Crescendo and sforzando; they rose together, fell together, and crested into resounding silence.

XXX

It was a long while before Light attempted to sit up, cringing at the feeling of his sweat-slicked back peeling off the piano. L pulled him down again.

"Is there somewhere you need to be?"

"Somewhere I don't want to be at the moment."

"I hope I don't flatter myself in guessing that where you want to be is right here?"

"Yeah. I mean, I want to be. Right here."

They lay thus for a few minutes, then…"L?"

"Yes?"

"Who are you, really?"

L blinked at the question. He had been expecting it much earlier, if at all.

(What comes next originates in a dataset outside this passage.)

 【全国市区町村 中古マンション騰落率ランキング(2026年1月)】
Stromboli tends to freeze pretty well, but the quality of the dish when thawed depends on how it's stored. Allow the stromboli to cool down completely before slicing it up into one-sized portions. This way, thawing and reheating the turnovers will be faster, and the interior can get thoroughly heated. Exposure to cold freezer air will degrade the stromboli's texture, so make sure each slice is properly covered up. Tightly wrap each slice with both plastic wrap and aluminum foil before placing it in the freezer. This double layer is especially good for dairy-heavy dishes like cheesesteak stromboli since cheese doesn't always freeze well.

"If you would rather not share because of something like 'familiarity breeds contempt,' I understand (7). There's a reason I've never brought anyone down here with me. Humans can only deal with so much before they give up out of pure ignorance. Most people haven't had the experience of being contently alone with classical music for hours at a time." Light looked faintly disappointed.

"Well, I have," L said matter-of-factly. "And I have no objection to us becoming very familiar."

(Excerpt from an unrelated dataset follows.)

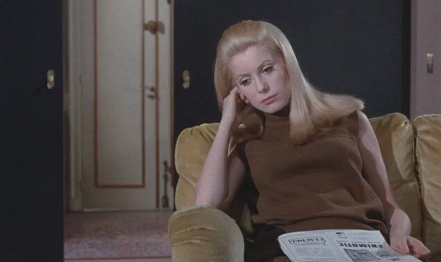 Филмът е Belle de Jour, една от най-известните роли на Деньов и първата от няколкото, за които Сен Лоран създава гардероба ѝ. В ролята на Северин, буржоазната домакиня, която се сдобива с тайна работа в парижки публичен дом, тя е толкова безупречно облечена в класически кожени палта с косъм и двуредни рокли, че подозирам, че за много съвременни жени дрехите са толкова възбуждащи, колкото и еротичните фантазии на Северин. Деньов го обяснява с непреходността на моделите. „Когато гледате филми от този период, те понякога могат да бъдат наистина остарели, знаете, визуално...“ Но Belle de Jour не е остаряла нито за миг. „Не, защото той съществува извън времето.“

"Without the contempt, you mean."

"Yes."

"So I can get up and leave now and expect you to still be here if I come back tomorrow."

"Yes."

"It's a date, then," Light sat up resolutely this time and began to get dressed.

XXX

"Light! You're finally here! Misa has been waiting for half an hour!" Misa screeched with considerable ire.

Light sighed as he sat down across from Misa and flicked through the menu. "Sorry Misa, um…"

He didn't have to even bother with an excuse; Misa's separation anxiety was immediately resolved upon seeing him, and she promptly launched into a detailed synopsis of her plans for the weekend.

It occurred to Light that he had pretty much promised to L that he would come back the next day, as such he would have to excuse himself from Misa's plans.

Light smiled internally. And so it begins…


A/N: Wow, it turned out much longer and more open-ended than I thought it would. The only thought I had when I began to write this was, "They must do it on the piano." Also, apologies if anyone is turned off by use of 3+ syllable words almost every other sentence. I know normal people don't talk like that, but it's just so fun to make L and Light be refined snobs with each other. In the same vein, please excuse the excessive use of quotes: I hope that's not coming off as me trying to look smart. I love music and angst, so it was too much for me to pass up the chance to combine those in the form of wise dead men's words and LxLight sexiness. Dunno if it worked…anyways. Thanks for reading :)

Notes:

1. Franz Liszt's "Liebestraume", which literally means 'love's dream' consists of three pieces for solo piano. From my cursory reading of Wikipedia, the second one is about passionate love, physical love—love in which you want to have sex. You can read more about it if you like. I mostly picked it for the words of the lied, the German art song that it was originally based on. (I quit piano eight years ago—this piece is quite beyond me.)

2. "After silence, that which comes closest to expressing the inexpressible is music,"from Music at Night, by Aldous Huxley, 1931. And we only knew this guy for Brave New World.

3. If you look inside a piano, there are little felt-covered hammers underneath the strings. When you press a key, the hammer hits the string to produce the notes. However, if you reach into the piano and pull the hammer up, the key does not go down by itself. So I'm not sure how one could get the keys to play themselves from inside the piano. We'll just assume some kind of mechanism that does that has been invented.

4. "Is it not strange that sheep's guts should hale souls out of men's bodies?" from Much Ado about Nothing, by Shakespeare. Sheep's guts were used for violin strings at the time.

5. "Without music, life would be a mistake," from Twilight of the Idols, by Friedrich Nietzsche, 1889. And we only knew this guy for the death of God.

6. Misa's phone number is actually the number of the taxi company I use to get to the airport from school. Please do not call them unless you are in the area and need a ride, in which case their rates are very good.

7. "Familiarity breeds contempt" has been around for so long that it's difficult to attribute. It was first documented in Publilius Syrus's Maxims, from the first century BC.